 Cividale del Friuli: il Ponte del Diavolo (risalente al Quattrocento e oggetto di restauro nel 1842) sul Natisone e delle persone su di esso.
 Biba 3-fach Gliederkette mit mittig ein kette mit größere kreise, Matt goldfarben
◆ ◆ ◆ ◆
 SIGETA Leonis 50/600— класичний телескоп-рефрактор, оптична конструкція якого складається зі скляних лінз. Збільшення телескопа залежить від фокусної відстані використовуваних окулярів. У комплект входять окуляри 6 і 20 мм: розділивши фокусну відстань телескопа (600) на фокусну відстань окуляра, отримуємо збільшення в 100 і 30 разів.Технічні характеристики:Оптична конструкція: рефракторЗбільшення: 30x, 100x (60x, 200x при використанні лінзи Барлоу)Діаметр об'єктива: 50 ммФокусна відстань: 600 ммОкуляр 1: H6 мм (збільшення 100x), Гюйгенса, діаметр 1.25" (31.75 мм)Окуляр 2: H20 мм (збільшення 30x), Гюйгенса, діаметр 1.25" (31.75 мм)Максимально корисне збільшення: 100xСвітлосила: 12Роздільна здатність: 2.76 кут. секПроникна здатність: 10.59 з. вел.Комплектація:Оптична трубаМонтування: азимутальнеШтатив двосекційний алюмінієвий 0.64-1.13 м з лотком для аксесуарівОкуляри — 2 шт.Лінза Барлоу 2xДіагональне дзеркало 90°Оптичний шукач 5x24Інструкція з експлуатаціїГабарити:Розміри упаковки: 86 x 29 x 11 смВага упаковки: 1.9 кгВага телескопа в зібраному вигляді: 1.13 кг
◆ ◆ ◆ ◆
**Prompt:** From the records above, print exactly the lines that run from the line with "Cividale del Friuli: il" to the line with "Biba 3-fach Gliederkette", inclusive.

**Task output:**
 Cividale del Friuli: il Ponte del Diavolo (risalente al Quattrocento e oggetto di restauro nel 1842) sul Natisone e delle persone su di esso.
 Biba 3-fach Gliederkette mit mittig ein kette mit größere kreise, Matt goldfarben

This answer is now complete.